Sie sehen sich über den Tisch hinweg an. Adam unterbricht ihren Blickkontakt. „Ich sollte mir ein Taxi rufen.“

„Schlaf heute Nacht hier“, sagt Leo und Adam sieht ihn überrascht an, als habe er überhaupt nicht mit diesem Angebot gerechnet.

„Ich glaube, es ist gut, wenn du nicht allein bist. In deinem Hotelzimmer.“

Adam denkt kurz nach und nickt dann. Sein Blick wandert zu dem kleinen Sofa.

„Du kannst das Bett haben“, sagt Leo. „Du brauchst gar nicht protestieren. Du bist verletzt. Ich habe eine Matratze.“

Als Leo später aus dem Bad kommt und ins Schlafzimmer geht, liegt Adam auf dem Bett ausgestreckt. Er trägt noch immer die Jeans und das weiße Shirt. Ein Arm liegt über seinen Augen, die verletzte Hand ruht auf seinem Bauch. Es sieht aus, als ob er schläft und Leo sieht sich selbst, wie er sich über Adam kniet und seinen Hals küsst, genau dort, wo das T-Shirt aufhört.

Adam nimmt den Arm von seinem Gesicht und sieht ihn an. Leo senkt kurz den Blick und atmet tief ein. Diese Gedanken müssen aufhören. Adam hat ihm niemals zu verstehen gegeben, dass er etwas anderes von ihm will als Freundschaft. Mutig und draufgängerisch, wie er nun mal ist, hätte er Leo ganz sicher gezeigt, wenn das so wäre. Zwar glaubt Leo nicht, dass Adam mehrere Affären gleichzeitig hat, was Pia und Esther felsenfest behaupten. Dazu hätte ihm einfach die Zeit gefehlt. Aber sicher gibt es da die ein oder andere Frau in seinem Leben, von der Leo nichts weiß. Und auch nichts wissen will, ehrlich gesagt.

Diese tiefe Freundschaft zwischen ihnen ist bedeutungsvoller als jede Liebesbeziehung. Zumindest will Leo das glauben. Und dann wieder gibt es Momente, in denen ihm das ganze Gerede von Freundschaft so unglaublich auf die Nerven geht, weil er nichts anderes tun will, als Adam zu küssen.
„List du mir vor?“, fragt Adam und seine Stimme hat diesen Ton, den sie nur annimmt, wenn er mit Leo alleine ist.

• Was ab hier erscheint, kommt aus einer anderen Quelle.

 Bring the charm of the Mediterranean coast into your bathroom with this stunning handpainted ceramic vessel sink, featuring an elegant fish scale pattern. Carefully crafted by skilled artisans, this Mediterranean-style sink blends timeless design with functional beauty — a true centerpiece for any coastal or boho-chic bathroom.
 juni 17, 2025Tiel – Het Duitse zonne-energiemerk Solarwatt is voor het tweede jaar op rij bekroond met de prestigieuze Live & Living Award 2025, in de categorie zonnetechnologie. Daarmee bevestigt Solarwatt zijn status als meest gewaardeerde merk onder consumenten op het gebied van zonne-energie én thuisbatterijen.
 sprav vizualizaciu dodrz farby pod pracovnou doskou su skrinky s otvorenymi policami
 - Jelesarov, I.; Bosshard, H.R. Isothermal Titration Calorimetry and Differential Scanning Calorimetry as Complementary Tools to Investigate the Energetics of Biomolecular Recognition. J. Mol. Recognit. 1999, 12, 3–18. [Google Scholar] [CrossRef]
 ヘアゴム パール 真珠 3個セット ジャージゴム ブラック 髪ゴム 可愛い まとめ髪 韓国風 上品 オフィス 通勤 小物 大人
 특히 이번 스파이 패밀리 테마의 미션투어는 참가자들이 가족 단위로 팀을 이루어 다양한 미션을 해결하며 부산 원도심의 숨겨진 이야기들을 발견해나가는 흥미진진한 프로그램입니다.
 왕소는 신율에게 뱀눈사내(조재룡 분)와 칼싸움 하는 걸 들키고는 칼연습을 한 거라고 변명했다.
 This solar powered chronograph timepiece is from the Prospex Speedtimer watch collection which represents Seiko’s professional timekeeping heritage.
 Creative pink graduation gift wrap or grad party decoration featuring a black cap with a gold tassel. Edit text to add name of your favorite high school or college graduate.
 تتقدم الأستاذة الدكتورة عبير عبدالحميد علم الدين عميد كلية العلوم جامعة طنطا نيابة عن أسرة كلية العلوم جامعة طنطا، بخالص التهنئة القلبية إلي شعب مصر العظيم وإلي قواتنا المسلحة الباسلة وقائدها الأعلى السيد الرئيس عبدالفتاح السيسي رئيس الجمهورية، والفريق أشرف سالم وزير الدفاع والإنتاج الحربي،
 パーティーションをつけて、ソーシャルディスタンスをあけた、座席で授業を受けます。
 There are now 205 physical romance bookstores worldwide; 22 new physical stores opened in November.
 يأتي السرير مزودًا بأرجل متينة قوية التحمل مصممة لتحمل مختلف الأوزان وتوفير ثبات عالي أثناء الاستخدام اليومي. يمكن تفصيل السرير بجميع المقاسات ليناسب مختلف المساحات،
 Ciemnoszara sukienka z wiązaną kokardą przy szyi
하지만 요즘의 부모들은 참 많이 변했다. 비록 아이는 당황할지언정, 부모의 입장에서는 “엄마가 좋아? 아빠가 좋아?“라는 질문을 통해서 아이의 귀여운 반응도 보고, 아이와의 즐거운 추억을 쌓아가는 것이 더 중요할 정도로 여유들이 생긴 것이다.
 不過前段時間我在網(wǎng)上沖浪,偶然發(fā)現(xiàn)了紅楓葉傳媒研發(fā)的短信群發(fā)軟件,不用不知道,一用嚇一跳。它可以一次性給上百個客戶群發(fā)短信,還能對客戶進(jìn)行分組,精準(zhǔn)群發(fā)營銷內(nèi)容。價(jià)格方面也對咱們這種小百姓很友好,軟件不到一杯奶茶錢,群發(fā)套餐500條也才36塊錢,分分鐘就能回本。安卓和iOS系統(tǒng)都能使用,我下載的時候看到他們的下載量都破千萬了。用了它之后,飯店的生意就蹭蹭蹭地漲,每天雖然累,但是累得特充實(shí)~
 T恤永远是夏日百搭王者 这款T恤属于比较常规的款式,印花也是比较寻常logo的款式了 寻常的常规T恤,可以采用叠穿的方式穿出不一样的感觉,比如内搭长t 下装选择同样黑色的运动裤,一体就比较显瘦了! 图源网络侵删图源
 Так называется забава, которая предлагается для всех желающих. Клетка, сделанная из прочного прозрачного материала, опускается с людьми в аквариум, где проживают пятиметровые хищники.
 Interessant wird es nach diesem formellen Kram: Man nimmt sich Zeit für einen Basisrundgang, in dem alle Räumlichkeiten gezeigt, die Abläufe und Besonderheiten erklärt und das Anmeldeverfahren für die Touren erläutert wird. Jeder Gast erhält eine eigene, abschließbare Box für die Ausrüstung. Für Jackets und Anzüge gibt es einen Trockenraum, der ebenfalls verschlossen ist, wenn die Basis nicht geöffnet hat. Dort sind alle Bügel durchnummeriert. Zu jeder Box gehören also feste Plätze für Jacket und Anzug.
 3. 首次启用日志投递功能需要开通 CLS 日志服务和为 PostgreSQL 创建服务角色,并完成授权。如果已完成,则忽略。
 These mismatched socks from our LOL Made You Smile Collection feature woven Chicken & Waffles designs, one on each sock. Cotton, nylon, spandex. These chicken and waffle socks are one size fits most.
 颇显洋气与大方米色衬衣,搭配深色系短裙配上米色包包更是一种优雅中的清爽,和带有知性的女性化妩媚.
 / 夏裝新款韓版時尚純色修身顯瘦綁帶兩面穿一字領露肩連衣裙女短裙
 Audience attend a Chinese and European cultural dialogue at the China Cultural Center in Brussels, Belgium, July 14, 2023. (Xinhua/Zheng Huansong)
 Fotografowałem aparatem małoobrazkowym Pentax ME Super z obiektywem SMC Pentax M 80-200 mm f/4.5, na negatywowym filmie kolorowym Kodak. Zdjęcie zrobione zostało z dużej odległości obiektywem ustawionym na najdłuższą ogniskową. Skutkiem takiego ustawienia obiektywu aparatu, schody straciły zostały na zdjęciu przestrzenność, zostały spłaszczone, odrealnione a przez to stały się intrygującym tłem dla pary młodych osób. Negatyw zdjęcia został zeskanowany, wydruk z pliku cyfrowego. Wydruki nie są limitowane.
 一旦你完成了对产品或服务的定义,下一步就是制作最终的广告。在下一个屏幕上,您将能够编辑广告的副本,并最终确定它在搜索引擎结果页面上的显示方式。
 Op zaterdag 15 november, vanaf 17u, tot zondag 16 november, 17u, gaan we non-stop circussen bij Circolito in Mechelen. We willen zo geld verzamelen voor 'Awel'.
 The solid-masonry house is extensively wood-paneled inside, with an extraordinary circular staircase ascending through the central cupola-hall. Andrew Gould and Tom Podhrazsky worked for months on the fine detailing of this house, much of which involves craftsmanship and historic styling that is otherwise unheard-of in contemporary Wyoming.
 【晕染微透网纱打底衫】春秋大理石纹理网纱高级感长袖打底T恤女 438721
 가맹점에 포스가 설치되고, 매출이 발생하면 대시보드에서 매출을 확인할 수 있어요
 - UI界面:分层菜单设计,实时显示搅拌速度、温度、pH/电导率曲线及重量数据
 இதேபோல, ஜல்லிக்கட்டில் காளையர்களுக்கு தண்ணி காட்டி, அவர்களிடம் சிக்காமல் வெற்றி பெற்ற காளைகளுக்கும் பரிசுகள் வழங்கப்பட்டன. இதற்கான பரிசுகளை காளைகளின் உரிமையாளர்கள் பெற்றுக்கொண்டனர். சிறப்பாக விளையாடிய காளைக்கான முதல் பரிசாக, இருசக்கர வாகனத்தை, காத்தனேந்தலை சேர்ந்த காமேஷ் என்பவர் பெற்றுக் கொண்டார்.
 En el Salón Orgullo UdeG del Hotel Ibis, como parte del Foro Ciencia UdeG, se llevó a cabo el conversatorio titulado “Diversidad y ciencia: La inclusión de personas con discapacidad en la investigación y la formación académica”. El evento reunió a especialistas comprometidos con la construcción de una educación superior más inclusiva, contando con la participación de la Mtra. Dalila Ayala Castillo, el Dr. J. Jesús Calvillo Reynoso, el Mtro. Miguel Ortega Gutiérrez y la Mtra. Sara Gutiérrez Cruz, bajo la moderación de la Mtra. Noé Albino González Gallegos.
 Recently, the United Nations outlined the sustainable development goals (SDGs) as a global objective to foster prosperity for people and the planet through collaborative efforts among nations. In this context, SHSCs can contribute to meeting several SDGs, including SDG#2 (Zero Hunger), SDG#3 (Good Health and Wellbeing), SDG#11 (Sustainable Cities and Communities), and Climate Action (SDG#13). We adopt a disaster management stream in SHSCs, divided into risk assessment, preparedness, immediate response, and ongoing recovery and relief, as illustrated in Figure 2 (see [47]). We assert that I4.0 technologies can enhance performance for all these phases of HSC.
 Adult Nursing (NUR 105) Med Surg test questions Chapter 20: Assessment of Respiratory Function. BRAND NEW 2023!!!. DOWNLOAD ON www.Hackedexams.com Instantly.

Sanft, verletzlich.

Und Leo ist so wütend auf sich und seine Gedanken, denn warum kann er nicht einfach froh sein, dass Adam in diesem Moment hier ist, bei ihm. Nicht im Gefängnis, nicht bei seinem Vater. In Sicherheit. Das ist das Einzige, was zählt. „Natürlich. Was möchtest du denn hören?“

Adam zeigt auf das Buch auf Leos Nachttisch. Schuld und Sühne. Wie passend.